## [Problem statement]
The reply must contain exactly the lines below from the one with "Кофейные чашки в" down to the one with "I originally made", both included, and nothing more; please omit the pictures.

## [Data extract]
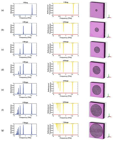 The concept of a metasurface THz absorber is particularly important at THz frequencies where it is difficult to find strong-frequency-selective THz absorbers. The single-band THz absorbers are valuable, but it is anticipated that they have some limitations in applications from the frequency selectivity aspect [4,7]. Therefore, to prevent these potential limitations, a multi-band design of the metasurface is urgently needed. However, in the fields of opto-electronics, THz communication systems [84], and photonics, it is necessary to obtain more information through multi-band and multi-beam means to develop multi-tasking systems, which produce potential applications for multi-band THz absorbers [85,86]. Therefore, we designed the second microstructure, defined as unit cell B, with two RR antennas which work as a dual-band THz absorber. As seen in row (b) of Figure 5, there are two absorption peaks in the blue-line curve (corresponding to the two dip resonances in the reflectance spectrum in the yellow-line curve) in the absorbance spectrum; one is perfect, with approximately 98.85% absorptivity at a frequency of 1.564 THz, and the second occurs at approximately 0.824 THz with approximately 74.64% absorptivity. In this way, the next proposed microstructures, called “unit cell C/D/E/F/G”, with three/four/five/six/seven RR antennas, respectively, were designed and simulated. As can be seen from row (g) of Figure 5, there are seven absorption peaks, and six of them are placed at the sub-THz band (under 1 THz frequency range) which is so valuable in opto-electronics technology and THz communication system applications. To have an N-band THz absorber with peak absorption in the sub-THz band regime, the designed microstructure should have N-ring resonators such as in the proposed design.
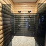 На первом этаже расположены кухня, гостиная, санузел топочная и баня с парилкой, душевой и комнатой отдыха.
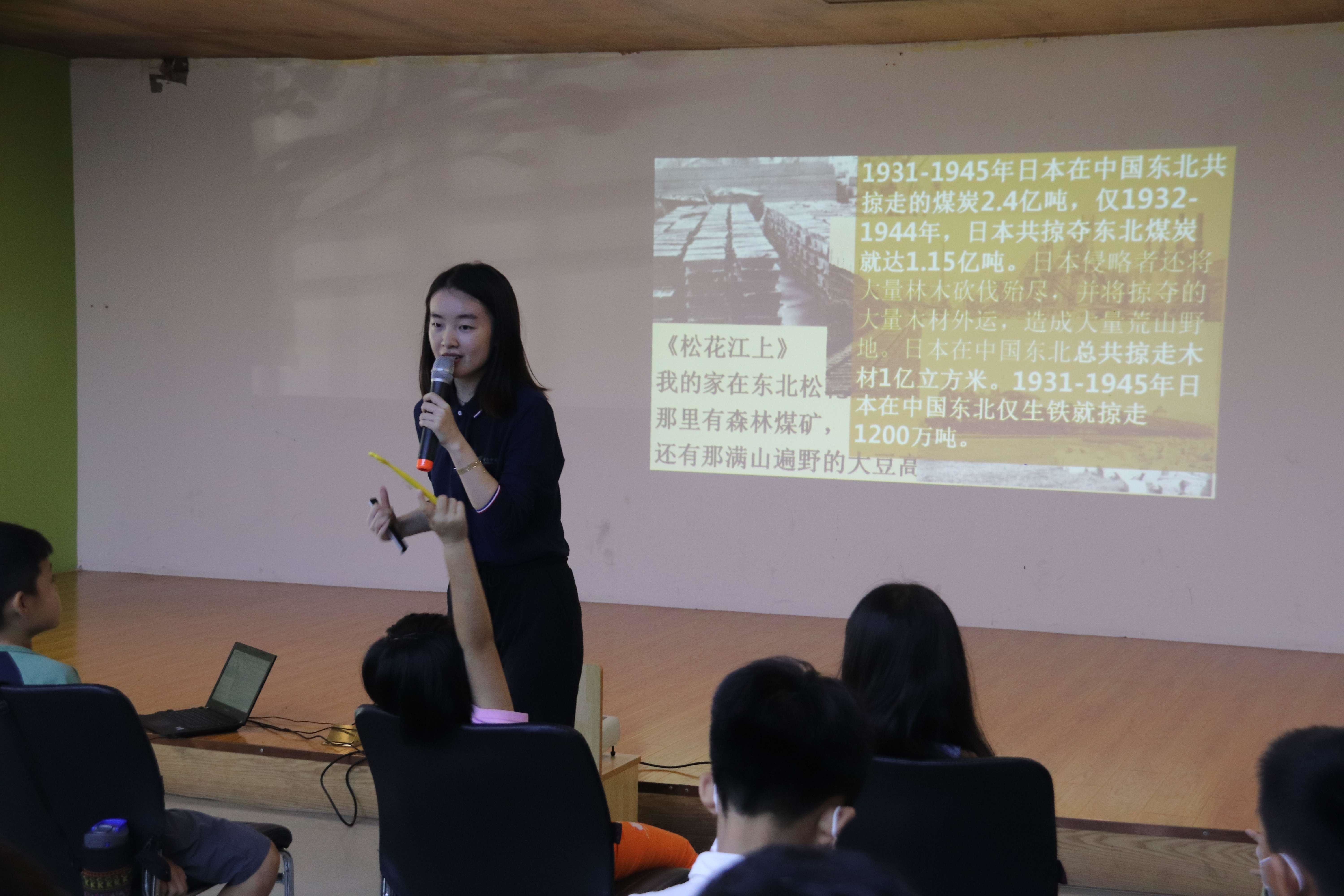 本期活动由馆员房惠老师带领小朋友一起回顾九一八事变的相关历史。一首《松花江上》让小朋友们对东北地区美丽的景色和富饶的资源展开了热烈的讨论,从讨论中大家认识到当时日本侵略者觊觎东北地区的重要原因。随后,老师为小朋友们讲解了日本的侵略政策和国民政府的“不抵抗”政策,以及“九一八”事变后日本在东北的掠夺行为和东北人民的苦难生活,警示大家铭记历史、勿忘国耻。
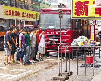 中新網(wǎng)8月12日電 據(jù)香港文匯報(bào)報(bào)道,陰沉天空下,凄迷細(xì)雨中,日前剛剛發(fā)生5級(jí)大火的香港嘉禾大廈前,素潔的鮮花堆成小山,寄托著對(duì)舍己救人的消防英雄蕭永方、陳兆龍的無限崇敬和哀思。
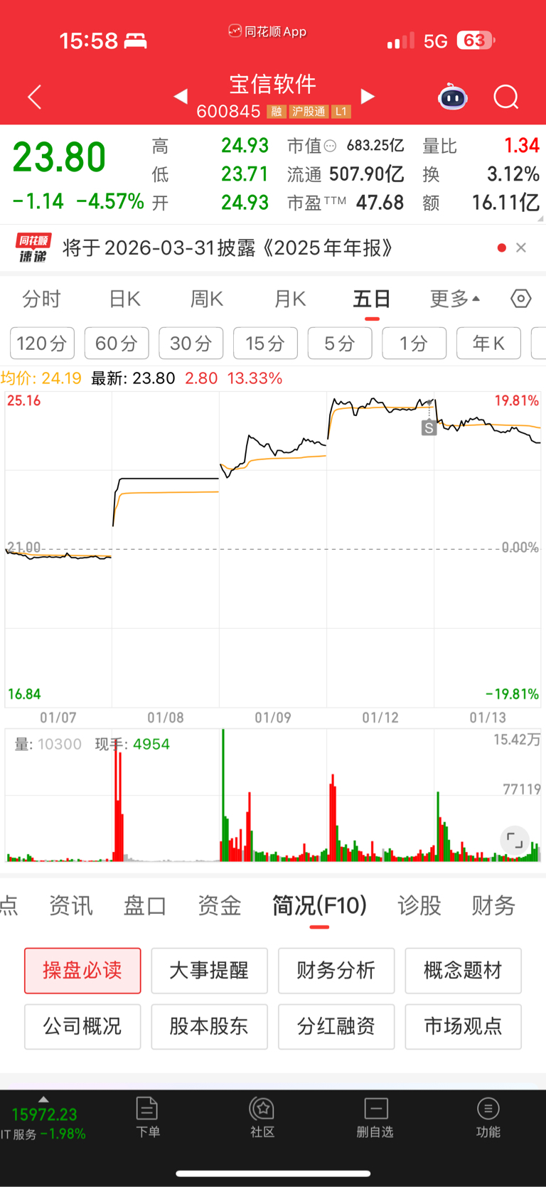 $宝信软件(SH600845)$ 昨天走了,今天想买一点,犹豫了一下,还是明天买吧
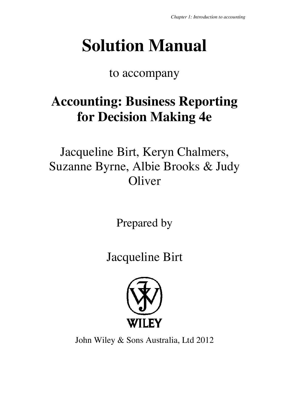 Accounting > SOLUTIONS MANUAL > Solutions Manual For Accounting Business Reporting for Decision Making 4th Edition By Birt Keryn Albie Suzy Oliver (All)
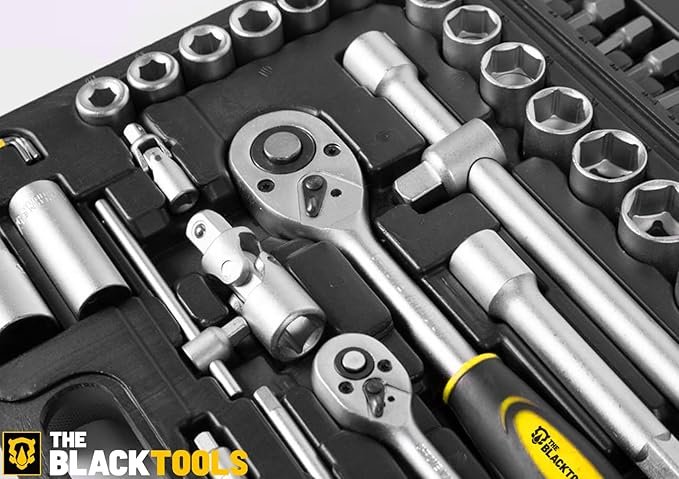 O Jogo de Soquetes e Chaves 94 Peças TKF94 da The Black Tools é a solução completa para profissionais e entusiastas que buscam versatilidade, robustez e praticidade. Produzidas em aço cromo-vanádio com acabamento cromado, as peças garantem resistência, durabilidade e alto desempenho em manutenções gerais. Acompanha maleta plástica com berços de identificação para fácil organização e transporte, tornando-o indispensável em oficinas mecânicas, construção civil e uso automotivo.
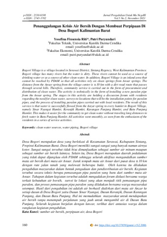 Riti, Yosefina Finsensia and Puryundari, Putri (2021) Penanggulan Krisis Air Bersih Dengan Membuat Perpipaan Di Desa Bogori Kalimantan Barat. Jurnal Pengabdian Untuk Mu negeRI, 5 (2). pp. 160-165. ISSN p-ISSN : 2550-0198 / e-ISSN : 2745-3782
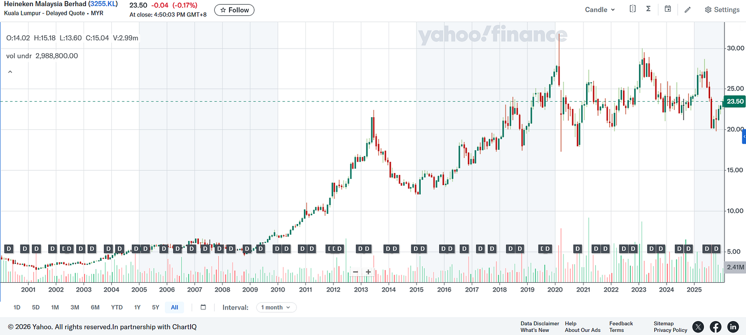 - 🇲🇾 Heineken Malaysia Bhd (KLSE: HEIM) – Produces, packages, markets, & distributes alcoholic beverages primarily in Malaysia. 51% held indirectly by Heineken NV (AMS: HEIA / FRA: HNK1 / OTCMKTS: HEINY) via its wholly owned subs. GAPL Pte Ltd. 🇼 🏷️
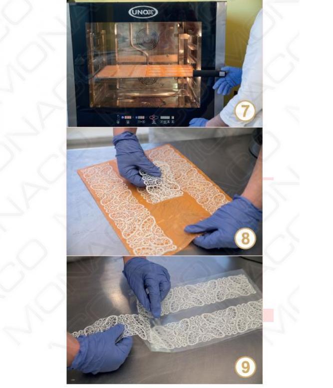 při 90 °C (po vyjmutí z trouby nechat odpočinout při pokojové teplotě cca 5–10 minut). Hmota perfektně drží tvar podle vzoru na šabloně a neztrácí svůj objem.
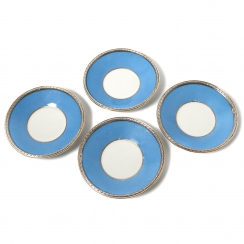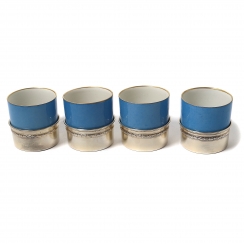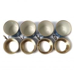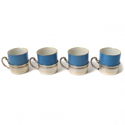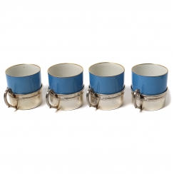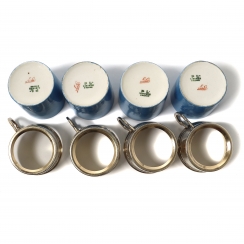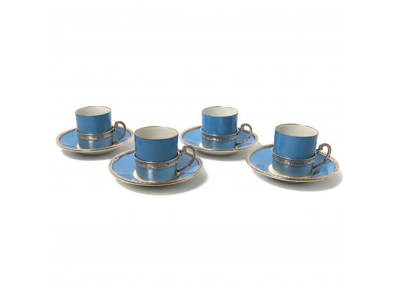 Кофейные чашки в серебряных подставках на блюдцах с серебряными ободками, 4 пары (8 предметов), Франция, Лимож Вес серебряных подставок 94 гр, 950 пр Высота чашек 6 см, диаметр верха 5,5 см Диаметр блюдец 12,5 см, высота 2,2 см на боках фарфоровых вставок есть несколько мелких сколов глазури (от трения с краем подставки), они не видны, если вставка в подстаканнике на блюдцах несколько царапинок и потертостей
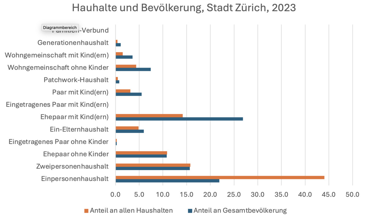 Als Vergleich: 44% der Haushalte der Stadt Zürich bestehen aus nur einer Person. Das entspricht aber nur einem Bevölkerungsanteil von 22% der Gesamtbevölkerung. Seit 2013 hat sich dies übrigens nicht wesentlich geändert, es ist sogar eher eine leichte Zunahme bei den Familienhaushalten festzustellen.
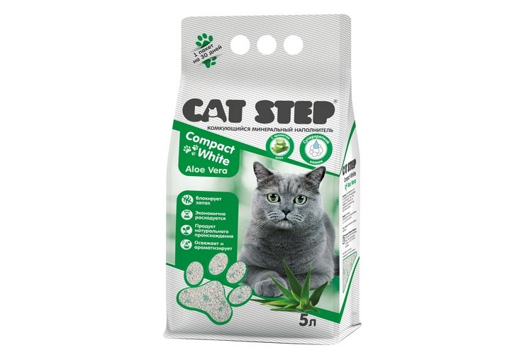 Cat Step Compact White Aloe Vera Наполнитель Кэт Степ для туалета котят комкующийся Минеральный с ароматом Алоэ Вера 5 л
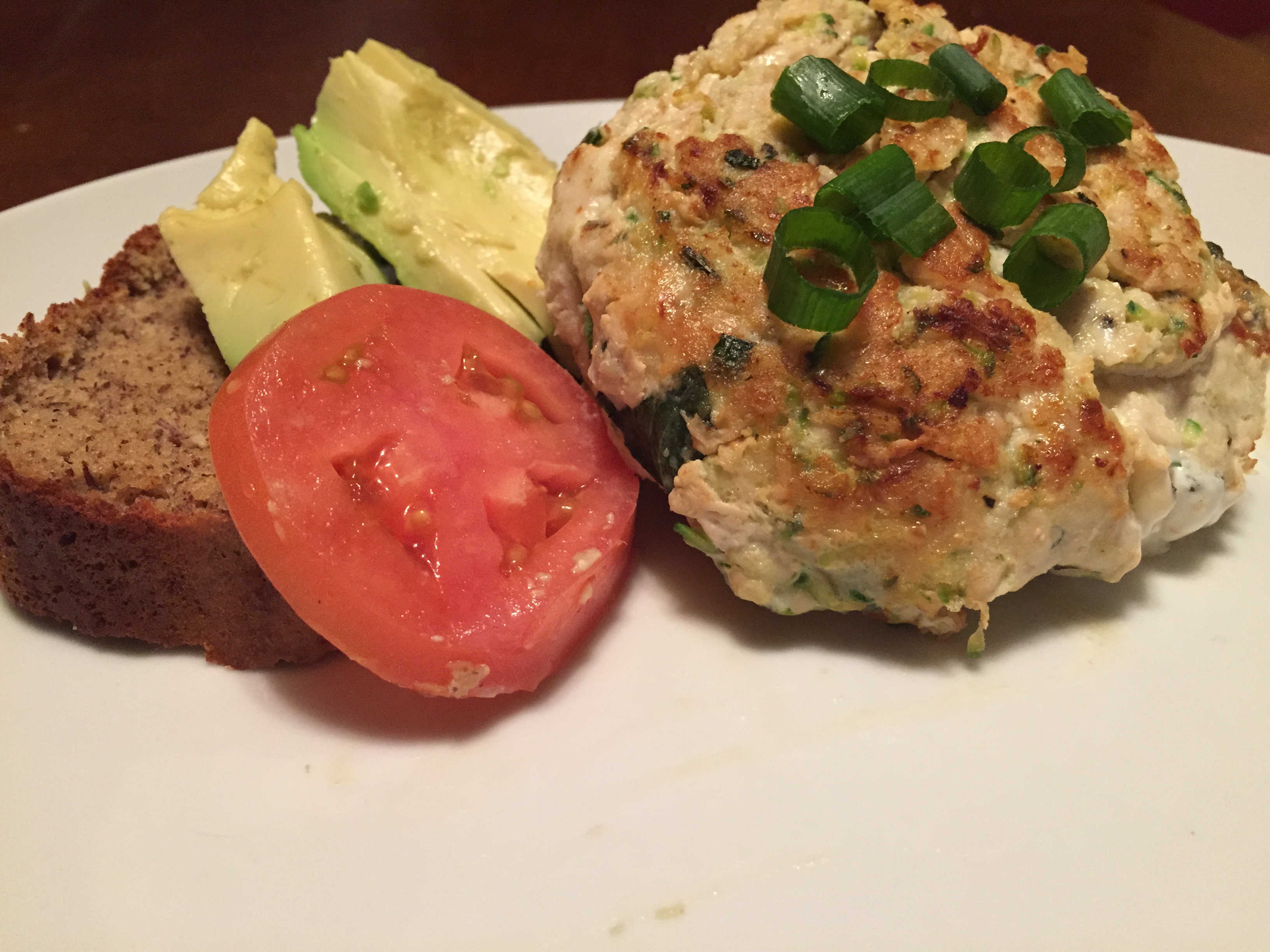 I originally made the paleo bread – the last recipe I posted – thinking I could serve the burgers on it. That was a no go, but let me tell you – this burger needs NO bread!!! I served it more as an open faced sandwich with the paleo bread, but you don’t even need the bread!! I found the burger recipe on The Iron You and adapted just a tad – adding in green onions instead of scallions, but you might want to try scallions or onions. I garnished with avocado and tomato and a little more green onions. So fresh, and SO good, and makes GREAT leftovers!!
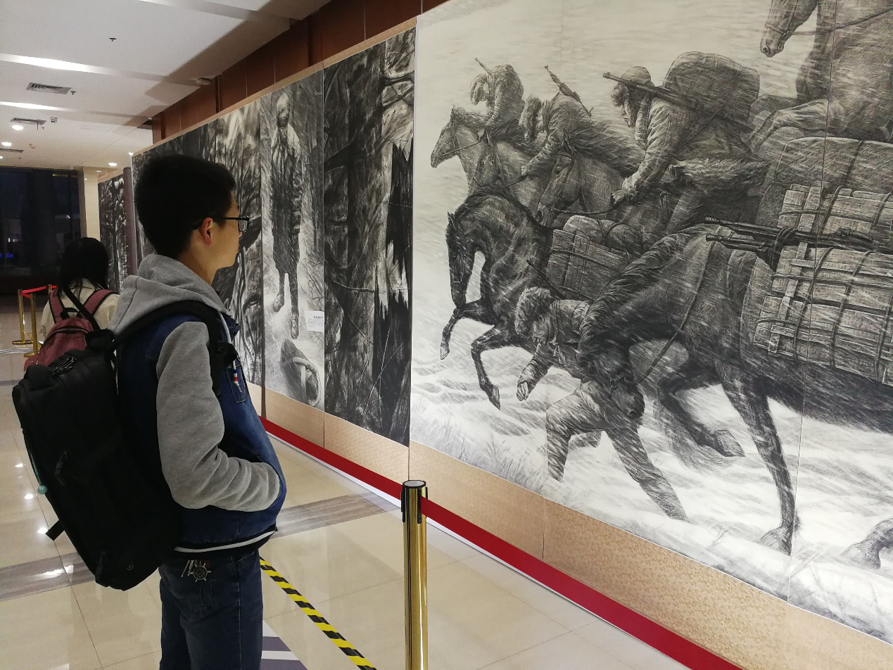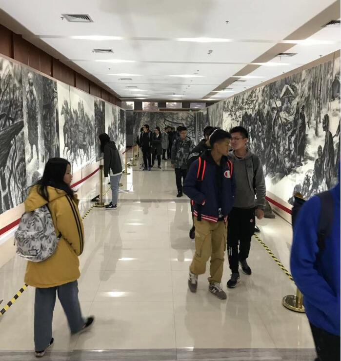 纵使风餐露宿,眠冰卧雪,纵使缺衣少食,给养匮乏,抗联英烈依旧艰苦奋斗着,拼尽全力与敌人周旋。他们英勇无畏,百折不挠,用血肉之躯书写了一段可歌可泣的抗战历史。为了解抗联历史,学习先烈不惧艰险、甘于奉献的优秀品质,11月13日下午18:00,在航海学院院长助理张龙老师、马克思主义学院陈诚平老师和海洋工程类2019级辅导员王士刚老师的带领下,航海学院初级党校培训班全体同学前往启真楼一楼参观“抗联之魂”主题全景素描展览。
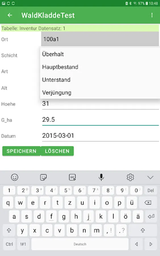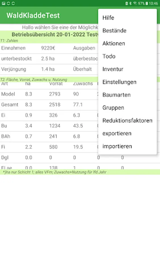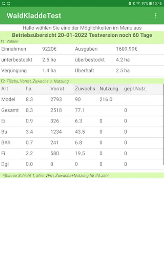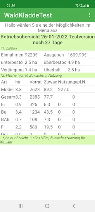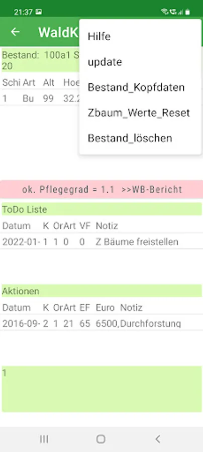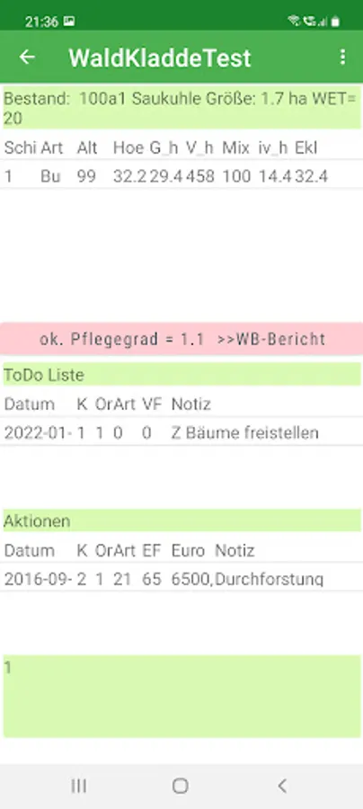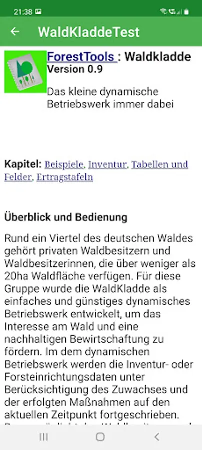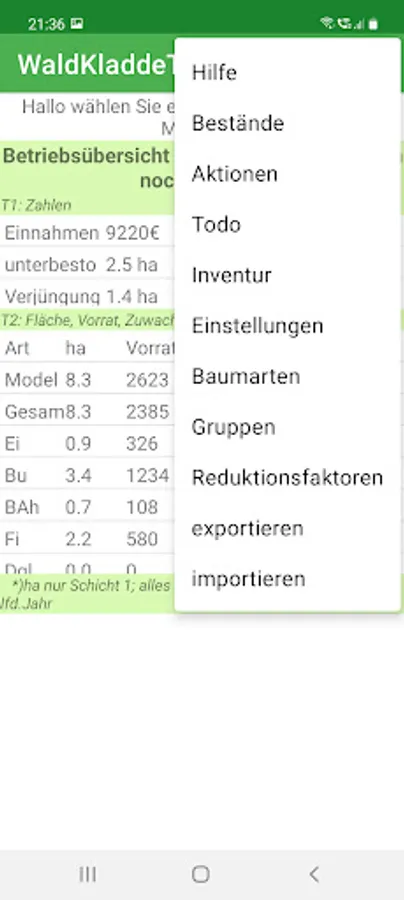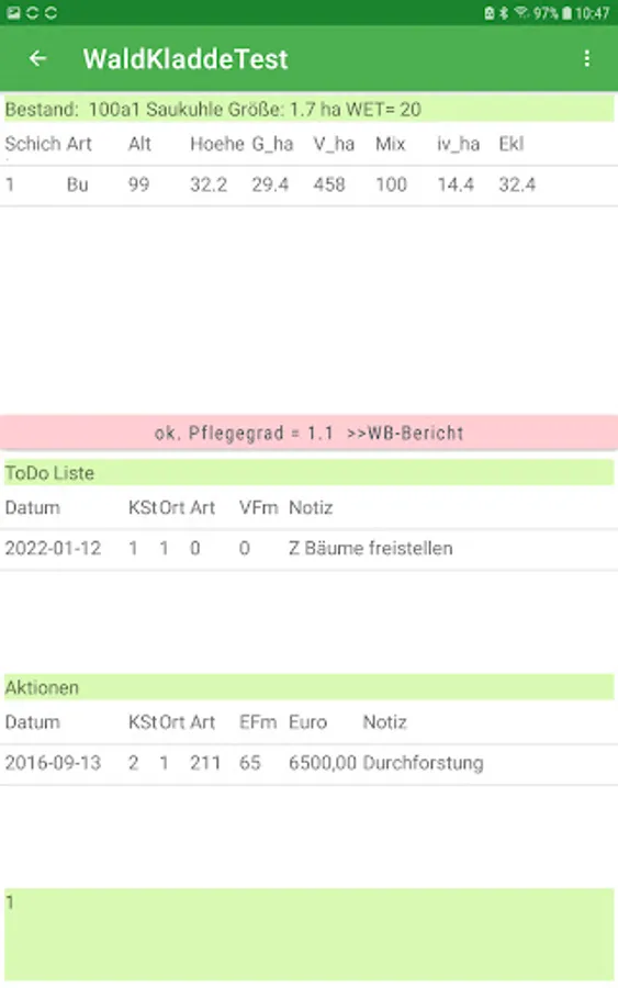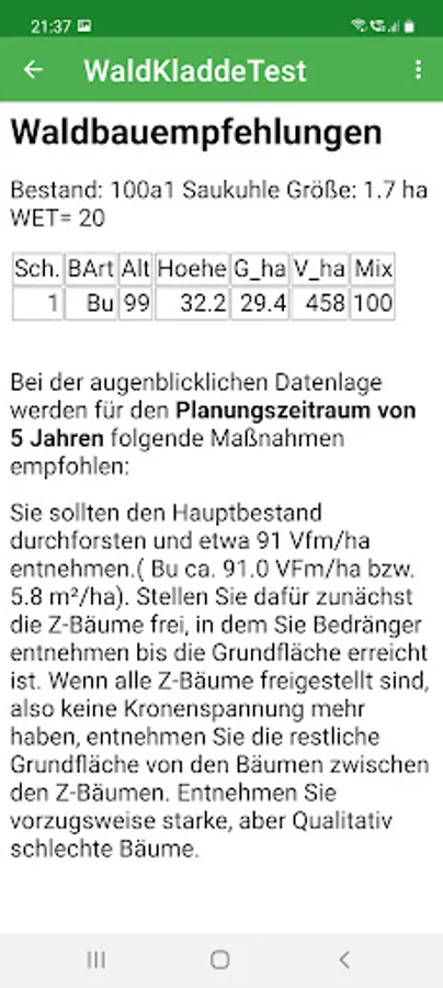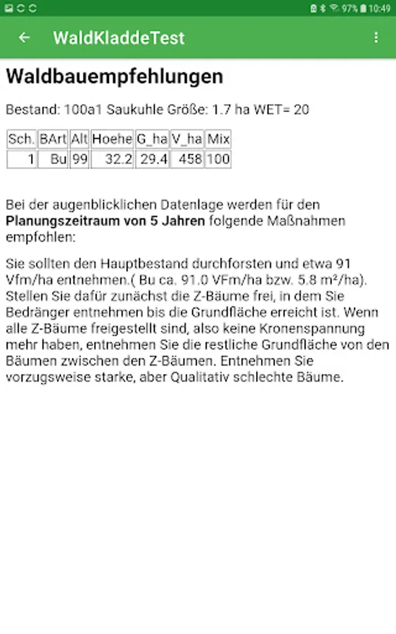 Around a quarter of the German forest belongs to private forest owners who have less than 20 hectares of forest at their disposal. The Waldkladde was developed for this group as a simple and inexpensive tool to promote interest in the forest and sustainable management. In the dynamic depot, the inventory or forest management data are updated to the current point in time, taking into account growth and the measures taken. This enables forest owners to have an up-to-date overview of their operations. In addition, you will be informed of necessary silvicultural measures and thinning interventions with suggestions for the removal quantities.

## [Response below]
 Кофейные чашки в серебряных подставках на блюдцах с серебряными ободками, 4 пары (8 предметов), Франция, Лимож Вес серебряных подставок 94 гр, 950 пр Высота чашек 6 см, диаметр верха 5,5 см Диаметр блюдец 12,5 см, высота 2,2 см на боках фарфоровых вставок есть несколько мелких сколов глазури (от трения с краем подставки), они не видны, если вставка в подстаканнике на блюдцах несколько царапинок и потертостей
 Als Vergleich: 44% der Haushalte der Stadt Zürich bestehen aus nur einer Person. Das entspricht aber nur einem Bevölkerungsanteil von 22% der Gesamtbevölkerung. Seit 2013 hat sich dies übrigens nicht wesentlich geändert, es ist sogar eher eine leichte Zunahme bei den Familienhaushalten festzustellen.
 Cat Step Compact White Aloe Vera Наполнитель Кэт Степ для туалета котят комкующийся Минеральный с ароматом Алоэ Вера 5 л
 I originally made the paleo bread – the last recipe I posted – thinking I could serve the burgers on it. That was a no go, but let me tell you – this burger needs NO bread!!! I served it more as an open faced sandwich with the paleo bread, but you don’t even need the bread!! I found the burger recipe on The Iron You and adapted just a tad – adding in green onions instead of scallions, but you might want to try scallions or onions. I garnished with avocado and tomato and a little more green onions. So fresh, and SO good, and makes GREAT leftovers!!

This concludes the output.